During eighth week, Vita editors submitted the magazine’s content to ORCSA as part of the magazine’s regular review process. The publication’s adviser expressed worry over some graphic content, as well as release-waivers that had yet to be signed. The adviser passed it along to University administrators for further review. From that point on, students who had been intimately involved in the production of the magazine were cut off from its review process. Administrators from the Office of Campus and Student Life and ORCSA would not answer general questions from Vita’s staff, and repeatedly declined to comment to the Maroon.

Rather than being engaged in the review process, senior editors expressed concern that they weren’t allowed to defend their case to the examining administrators. The lack of transparency led to rumors throughout the RSO that administrators were reviewing the legality of the publication, which quickly turned to suspicions of University censorship. Although administrators decided over the weekend that the magazine will be allowed to run all of the delayed content spring quarter, most writers and editors were never informed how or why the decision was made. Had ORCSA made a greater effort to address concerns more directly with Vita’s editors and writers, the situation would not have become such a controversy.

Campus publications, at their hearts, are collections of student voices and viewpoints. If the University makes the decision to step in with the publishing process, all students involved in the organization should be adequately informed. Instead, during Vita’s review process, ORCSA communicated only with the publication’s “primary contact,” its executive editor, while other Vita affiliates who made an effort to be included in discussions were turned away. However, the executive editor isn’t the only student involved in the publication’s production, and therefore shouldn’t be the only one included in its review process. The publication as a whole should be able to defend its decisions before the University administrators that decide what can and cannot be published.
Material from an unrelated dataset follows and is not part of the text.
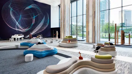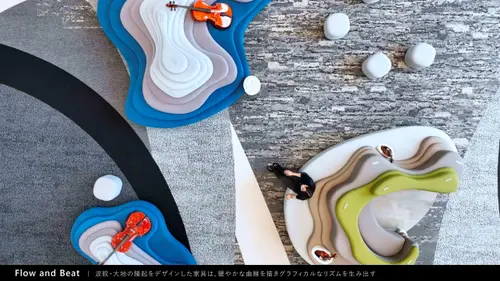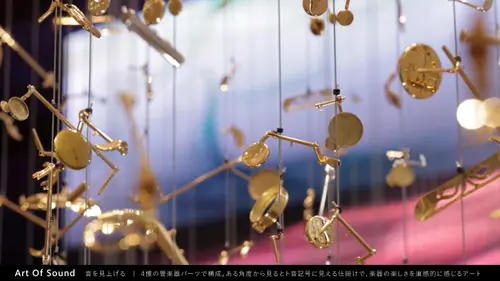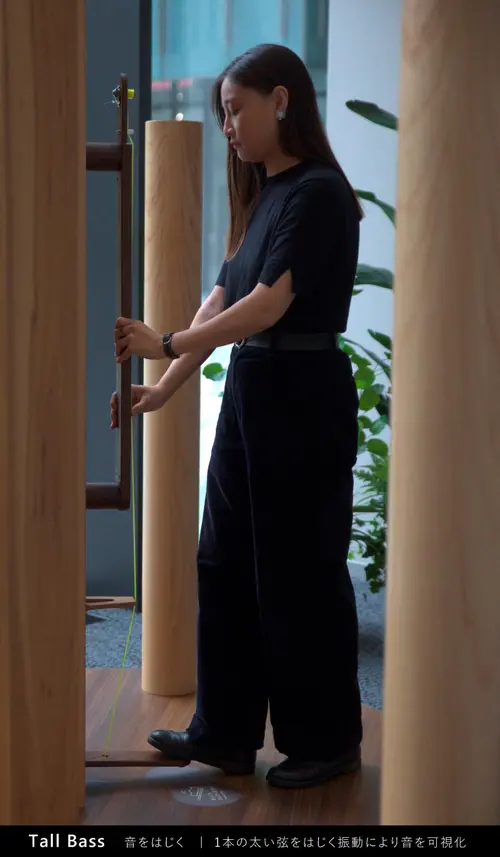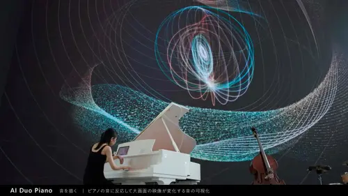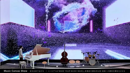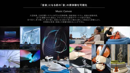 作品意図顧客拡充を目的として、楽器未経験者が音楽・楽器との距離を縮めるヤマハのブランド体験拠点。「Music Canvas」という音楽没入体験エリアでは、大型映像、立体音響システムの音像移動、自動演奏システム、楽器の振動体感の全てを連動させた演出と、グラフィカルな家具やアートで音を可視化。目で見て、耳で聴いて、肌で感じ、音楽になる前の「音」に触れ、来場者の潜在的な音楽への興味を顕在化させる。

It goes without saying that ORCSA supports student organizations. Their main intentions behind reviews and advising are defending RSOs from any legal issues that may arise and looking out for the best interests of students involved. But even a well-intended review process can go astray when the requirements for a publication are not made explicit to its staff. As long as student publications are subject to review, the review process should be codified and transparent. As it stands, ORCSA’s review process doesn’t make the cut.

The Editorial Board consists of the Editor-in-Chief, Editor-in-Chief-Elect, and the Viewpoints Editors.